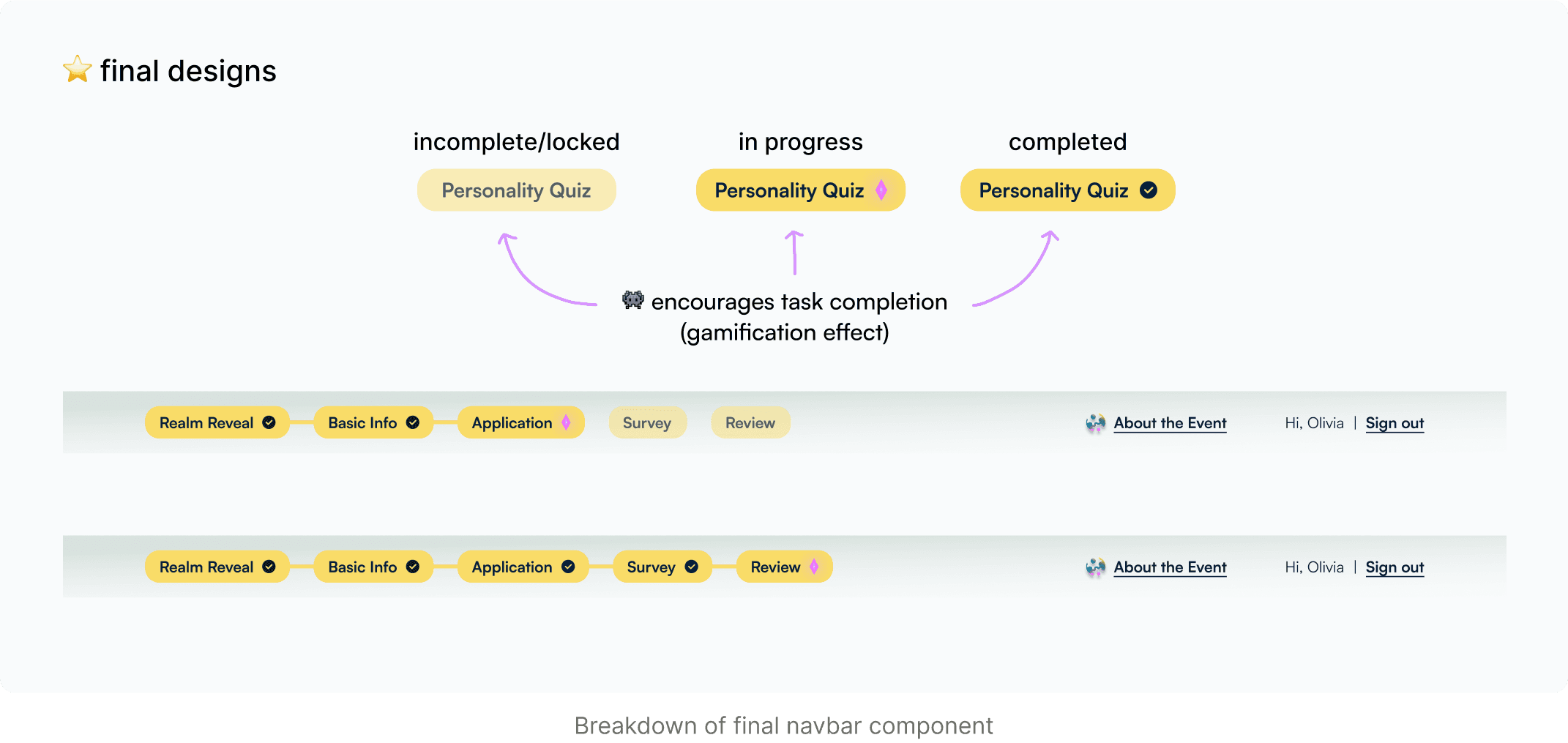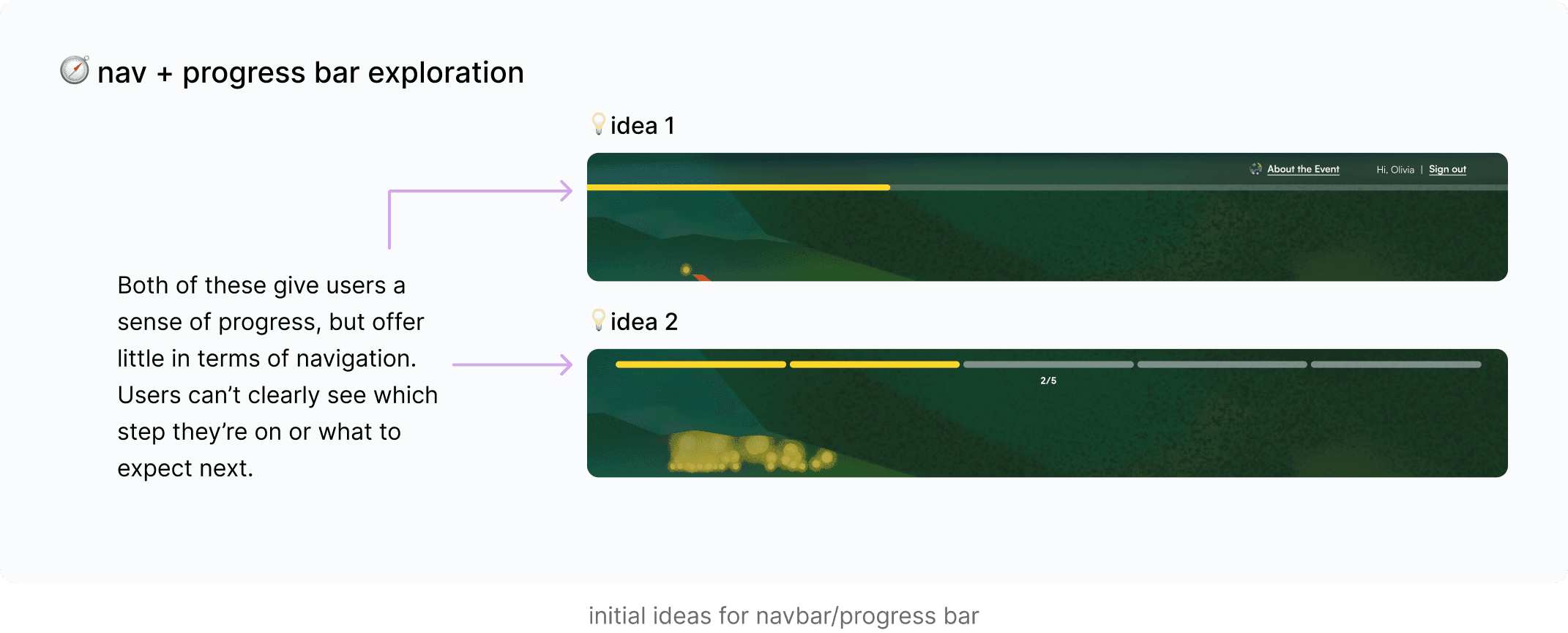 When mapping out the components, a progress bar was essential to give users a clear sense of where they were in the application. At the same time, I needed a top navigation bar to hold key actions like sign-out and account access. My goal was to design something intuitive, minimal in screen space, and fully aligned with the visual theme of the experience. My first explorations focused on simple progress bars that only indicated which step the user was on. These were designed as a separate component from the navigation bar, but ultimately felt too plain and disconnected.
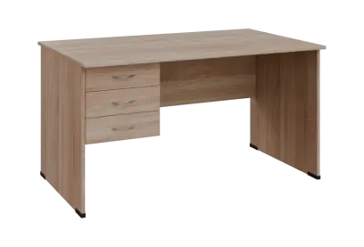 BPL 28 - 14Z13 stůl pracovní, 3-zásuvkový, levý, dřevěná podnož, deska 25 mm, široký 1400 mm, dub bardolino
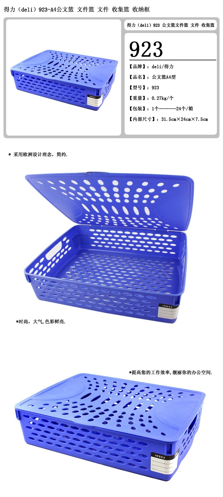 得力 923 加蓋公文籃 藍色
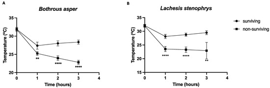 Temperature differences between surviving and non-surviving mice. Groups of five mice were inoculated with mixtures of a fixed dose of B. asper (A) or L. stenophrys (B) venoms (4xLD50) and variable doses of antivenom (2, 3, 4.5, and 6.75 mg venom/mL antivenom). Body temperature was recorded before inoculation and every hour for 3 h. Graphs represent mean ± 95% CI of temperature from surviving (n = 40 for B. asper; n = 39 for L. stenophrys) and non-surviving (n = 35 for B. asper; n = 35 for L. stenophrys) mice. Animals that did not survive had significantly lower temperatures at all time points (except at 0 h) relative to animals that survived, (** p < 0.01; **** p < 0.0001).
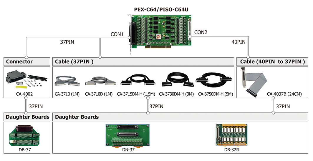 | PEX-C64 CR | PCI Express, 64-ch Open Collector Isolated Digital Output Board (Current Sinking, NPN) (RoHS) Includes one CA-4037B cable and two CA-4002 D-Sub connectors |
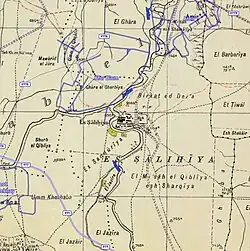 Al-Salihiyya (Arabic: الصالحية) was a Palestinian Arab village populated by people traditionally associated with the Ghawarna, a generic exonym denoting inhabitants of the drainage plains of the Hula Valley.[5] It was depopulated during the 1948 War on May 25, 1948, by the Israeli Palmach. It was located in the Safad Subdistrict, 25 km northeast of Safad, at the intersection of the Jordan River and Wadi Tur'an.
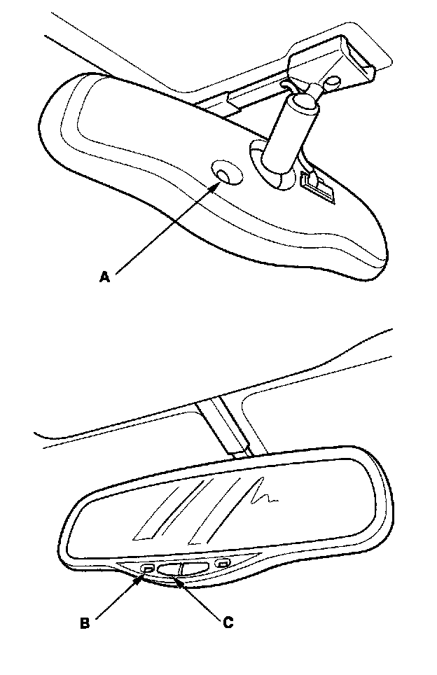 System DescriptionThe automatic dimming inside mirror has a front-facing lux level sensor {A), a rear-facing lux level sensor (B), and a control unit. The control unit receives signals from each sensor. Based on the difference between the two lux levels (the light outside the vehicle and the light from the headlights of the other vehicle, etc.), the control unit controls the electro-chromic gel to reduce the glare. This dimming function is canceled when the transmission is in reverse, or when the automatic dimming off switch (C) is turned OFF.
########
Reproduce the data above word for word from its first line through the line that holds "得力 923 加蓋公文籃 藍色", both ends included; skip pictures.

→ Answer below
 When mapping out the components, a progress bar was essential to give users a clear sense of where they were in the application. At the same time, I needed a top navigation bar to hold key actions like sign-out and account access. My goal was to design something intuitive, minimal in screen space, and fully aligned with the visual theme of the experience. My first explorations focused on simple progress bars that only indicated which step the user was on. These were designed as a separate component from the navigation bar, but ultimately felt too plain and disconnected.
 BPL 28 - 14Z13 stůl pracovní, 3-zásuvkový, levý, dřevěná podnož, deska 25 mm, široký 1400 mm, dub bardolino
 得力 923 加蓋公文籃 藍色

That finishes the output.